Penny stocks have a low price per share value that falls within the price range of N5 and below, which means investors do not need a ton of cash to invest in them. They are also often capable of providing massive returns to investors, and this is what makes them attractive.
Also, penny stocks are quite prone to massive drawdowns due to their high volatility and can be viewed as a blend of high risk and strong profit instruments. Consequently, some stock analysts discourage purchasing them for long-term buy-and-hold investments, as the sector is often built on short-term trades. It is therefore, critical for investors to know when to take profit as these stocks often offer cyclic returns.
The founder of Tradelines DotBiz Investment Limited, Mr Tunde Jeariogbe, says “The phrase ‘Penny Stock’ was coined out of the American unit of currency, it refers to equities selling below one dollar. Since penny is a lower denomination, it therefore signifies that equities in this class are low priced stock or small companies.”
Advantages of Patronising Penny Stocks
Jeariogbe says the first advantage is that traders can purchase high volume of such stocks due to the low price, and increase their returns at very little change in the share price.
Secondly, he notes that the probability of recording high loss is lowered, since most of them are already at rock bottom, especially in a controlled market as we have in Nigeria. Recall that price movement is set at every day’s trade and traders cannot even move a stock below a particular price.

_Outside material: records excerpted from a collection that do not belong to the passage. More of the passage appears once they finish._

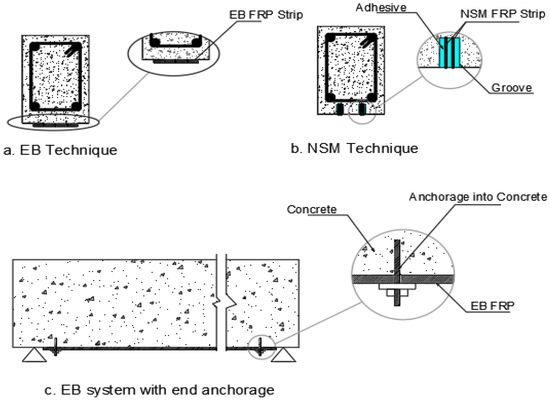 Fibres have been engineered over the years to form exterior bonded and near-surface mounted natural fibre composites in reinforced concrete beams, as seen in Figure 2, Figure 3 and Figure 4 for various strengthening systems. These strengthening systems include flexural strengthening, shear strengthening, torsional strengthening, and hybrid strengthening, which provide strengthening for combined structural behaviours. Studies have shown externally bonded FRPs can be applied to the soffits of RC beams using a plane FRP fabrics which are bonded in layers by the aid of an adhesive [17,18]. These are usually adopted to raise the flexural capacity of the structural beams. Also, these fabrics can be utilized to envelop the beam in the form of a U-shape, engulfing the soffit and 2 sides of the beams with the same anchoring system through the use of an adhesive. This method is most often adopted to improve the shear and torsional strength of RC beams [19,20]. It can be applied to tunneling, bridge decks, slabs, dock loading, thin unbonded overlays, concrete plinths and platforms, and concrete sheets [21]. Designing externally bonded FRP has been made easier thanks to the work of several international organizations. This guidance relies on a defined pull-out strain between FRP and reinforced concrete when utilized for bond-critical applications to examine the raise in member structural strength (e.g., ACI 440.2R-17) [22]. However, as per the studies, de-bonding occurs at low FRP strain from the concrete surface, despite the EB FRP technique’s widespread popularity. Hence, the full potential of FRP cannot be developed with this approach [23,24]. Reinforced Concrete structures such as slabs or beams may fail in a variety of ways, including concrete crushing, yielding the steel, rupturing the FRP, and failing to join at the concrete-FRP interface [25]. These can occur when concrete is subjected to a wide variety of environmental variables depending on the structure type, locale, and other variables. Thermal conditions, moisture, chemical assaults, UV radiation, salt, deicing agents, freezing and thawing cycles, and alkaline water intrusion all fall within this category [22]. Due to the noted drawback of the EB FRP system (delamination failure), NSM FRP technology has been used. As illustrated in Figure 2, the NSM FRP system begins with grooves etched into the surface of concrete and then attaches the FRP composites to these grooves with a suitable bonding material [24,26]. It was invented between 1940 and 1949 in Europe by inserting steel rods through slits cut into the surface of concrete structures using cement mortar as the idea of the NSM FRP technique [24,27]. When comparing the two FRP systems, the NSM FRP system exhibits a greater bond advantage. The NSM technique can further offer protection to the FRP composite against damage and the impacts of environmental agencies [24,28].
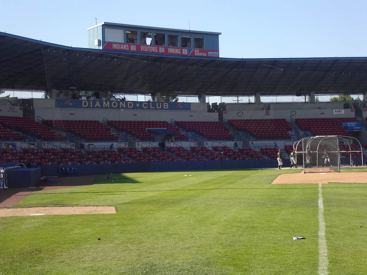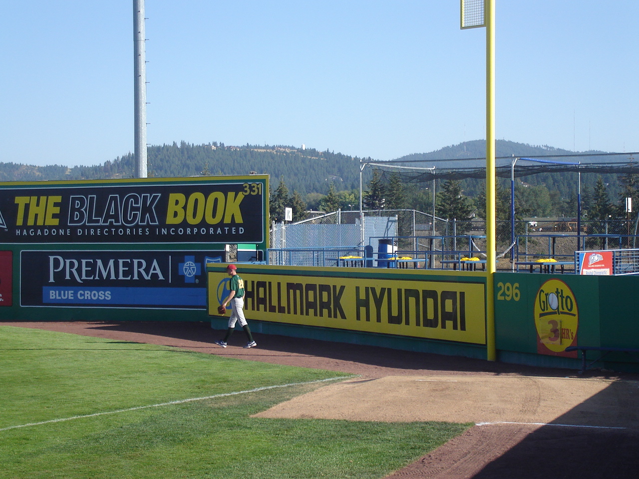 THE GROTTO: I always thought that the Hawks should move the Hawks Nest out near the scoreboard and make it an eating area where you could get a home run ball. Spokane has done that with their right field pavilion, the Grotto (pictured right). Fans can sit at picnic benches, kids can play in a kids area, and it is right on top of the action – as the view is outstanding. As you can see in the picture, where “The Black Book” sign is, will be the Indians version of the Hawks Nest, a full restaurant with views of the field – lowering the wall to just six feet, making it even more of a home run hitters paradise.
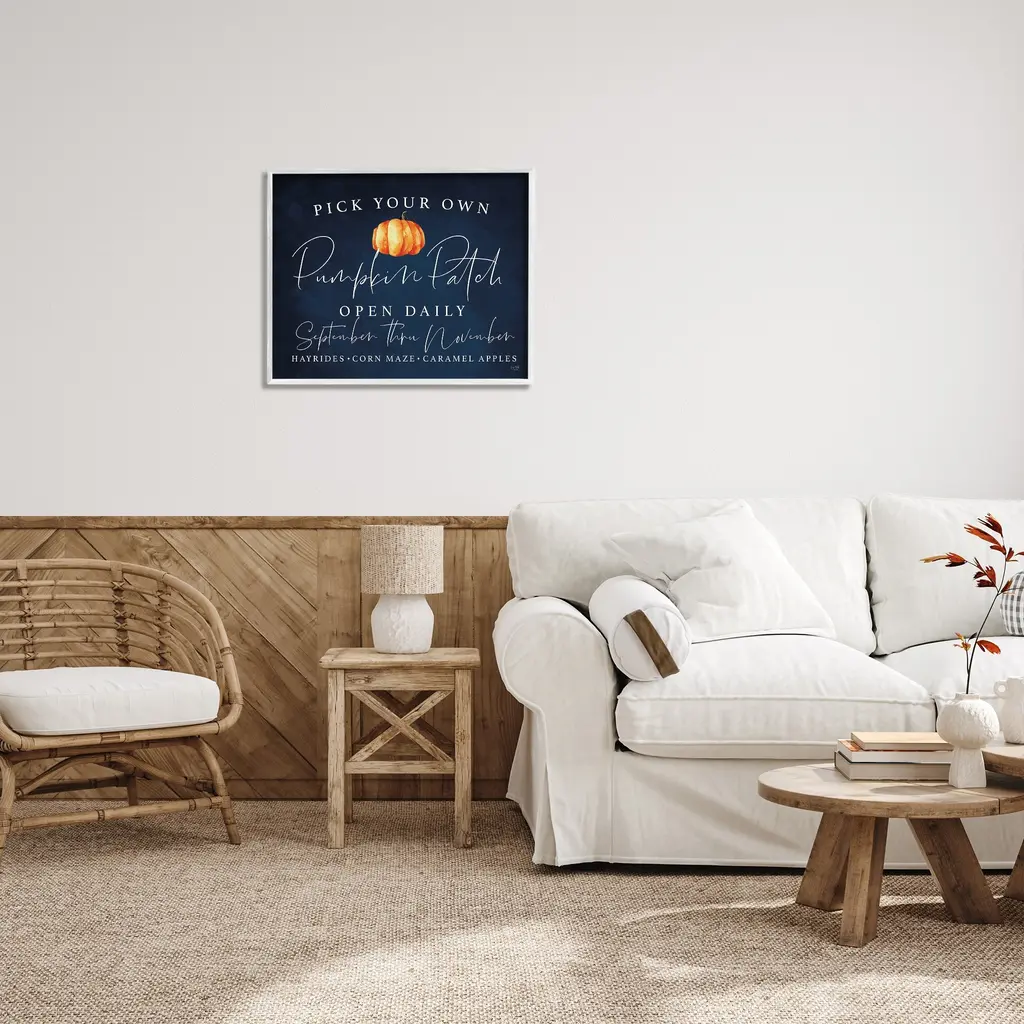 Add dimension to any room with our textured Framed Giclee Artwork. Our framed artwork is securely mounted into a 1.5-inch thick wood grain frame and ready to hang. Frames are available in three alluring styles: black, gray farmhouse and white. In addition, you should check out our oversized options if you want a statement piece. Stupell Wall Art is made in the USA.Features: Dimensions: 14 x 1.5 x 11 FramedFramed Giclee Products are available in the sizes 14"x11", 20"x16" or 30"x24". All Framed Giclee Products have a 1.5" Depth. Wall Art is Ready to Hang with Hardware Free Hanging. No installation required. For Easy Set Up Lean or Layer Artwork on Shelf or Against Wall.Our giclée prints are carefully mounted on a durable MDF backing, and then perfectly finished in a 1.5 inch thick woodgrain frame. Mounted frame colors include black, gray farmhouse and white. Made In USA.Artwork Relates To: Fall, Autumn, Harvest, Garden, Patch, Country, Pick Your Own, Pumpkin PatchDesign by Lux + Me Designs

Tips for Choosing Best Penny Stocks
“Now, what are the things to watch out for in penny stocks? The first is the numbers released by the companies. You must be sure that the stock is not down for extremely poor performance. Secondly, you must ensure the liquidity of such stock; in other words, ensure that when you decide to exit the stock, someone will be willing to take it from you. Lastly, identify the management strength, is the organisation efficiently being run?” He notes.